12Comme si cela ne suffisait pas, il s’attaque aux deux autres thèses qui complètent celle de l’élection. Il montre que dans la République des Hébreux, les puissances temporelles n’étaient pas subordonnées aux prêtres et aux prophètes. Durant la période des Juges, qui est aux yeux de Spinoza la plus authentique, puisque c’est elle qui a connu la paix et la sécurité durant les temps les plus longs, l’État était ainsi constitué que ni les princes des tribus, ni les prêtres n’avaient de supériorité les uns sur les autres : les prêtres n’avaient que le droit de répondre aux questions posées par les princes, et ceux-ci ne pouvaient qu’appliquer la Loi ; pour toute innovation et en particulier pour déclarer la guerre, ils étaient obligés d’en référer aux prêtres ; ainsi, aucun ne pouvait prétendre être le Souverain et on ne peut donc se réclamer de cette époque pour attribuer un quelconque droit de contrôle aux ecclésiastiques sur le Magistrat civil. Quant aux prophètes, ils étaient certes remarquables par leur sens aigu de la justice et de la charité, mais leurs initiatives intempestives pouvaient faire à l’État plus de mal que de bien, et c’est à juste titre que des rois que l’Ecriture considère comme pieux n’ont pas hésité à mettre des prophètes en prison ; ainsi l’Ecriture elle-même nous empêche-t-elle de croire à une préséance du prophète sur le roi.

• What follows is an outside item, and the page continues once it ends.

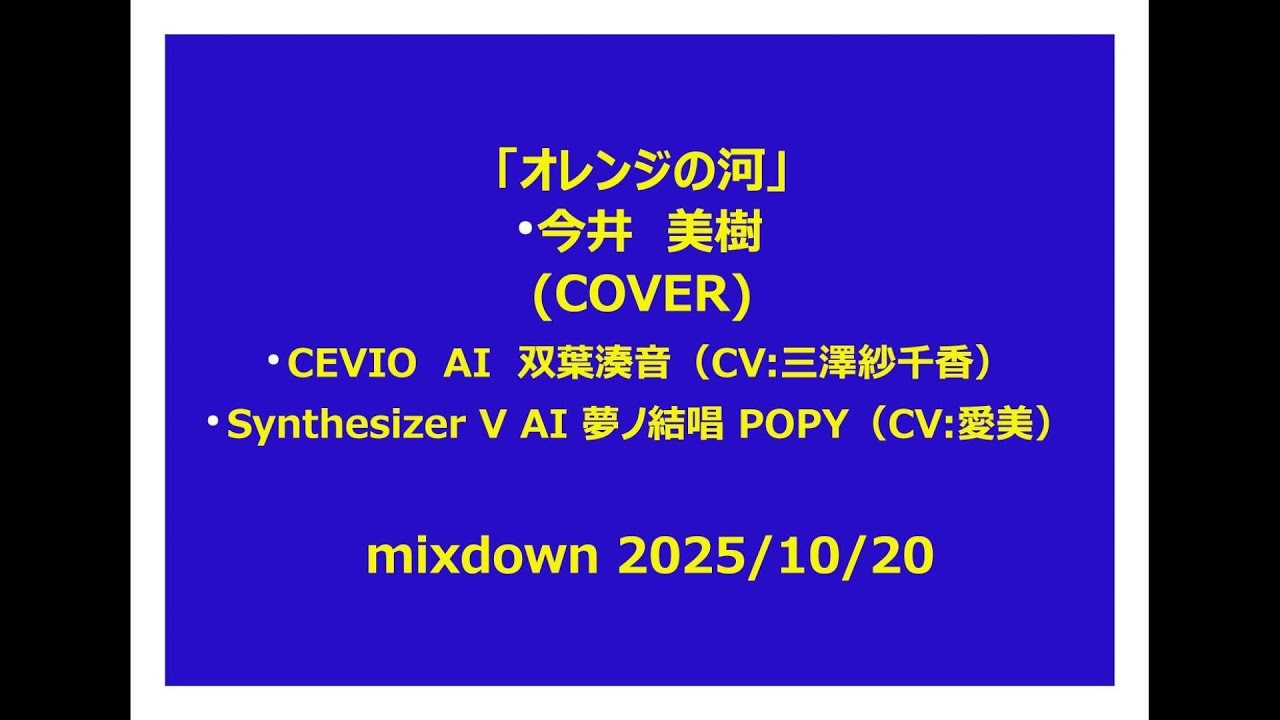 「オレンジの河」 今井 美樹(COVER) CEVIO AI 双葉湊音(CV:三澤紗千香)Synthesizer V AI 夢ノ結唱 POPY(CV:愛美) test_music_mixdown 2025/10/20 female voice actorsvoice actorsvoice actresses三澤紗千香声優美人声優 Write A Commentコメントを投稿するにはログインしてください。

13Enfin Spinoza s’attaque à l’homogénéité des différentes époques, qui constitue la troisième dimension du mythe de la république des Hébreux. Il en divise au contraire l’histoire en périodes, qui n’ont ni la même structure, ni la même valeur. Si cette république peut être louée, c’est, on l’a vu, parce qu’elle a su apporter à ses citoyens la paix et la sécurité – mais cette caractéristique n’est vraiment valable que pour la période des Juges, durant laquelle les institutions sont encore en équilibre. La période suivante, celle des rois, de Saül à l’exil, représente déjà une sorte de décadence et apporte guerres étrangères et civiles ; le conflit des rois avec les Lévites les conduit à instaurer le culte de divinités étrangères, donc à briser l’unité religieuse qui faisait la force de l’État. Enfin le second Empire, celui où les grands-prêtres ont effectivement accaparé le pouvoir, « n’était plus que l’ombre du premier ». Cet éclatement du supposé modèle en plusieurs fragments temporels se lit aussi comme l’effet à long terme, de plus en plus violent, d’une erreur initiale, qui étend ses conséquences, d’abord inaperçues, sur la totalité de l’histoire : la substitution, dans le statut sacerdotal, d’une tribu séparée (celle de Lévi) à ce qu’avait prévu la première constitution mosaïque – l’ensemble des aînés de chaque famille. C’est cette séparation, et surtout le fait qu’elle soit annoncée et vécue comme une punition pour l’adoration du veau d’or, donc que l’élévation des Lévites ait pour corollaire la culpabilité assumée de tout un peuple, qui va de proche en proche pousser les Hébreux vers un oubli de plus en plus grand des lois initiales et entraîner leur État vers sa catastrophe finale. C’est donc paradoxalement, au moment où il est à son plus bas (une « ombre ») que l’État des Hébreux ressemble à ce qu’en disent les adversaires de Spinoza : les prêtres y ont effectivement le pouvoir – mais c’est pour le conduire à sa perte.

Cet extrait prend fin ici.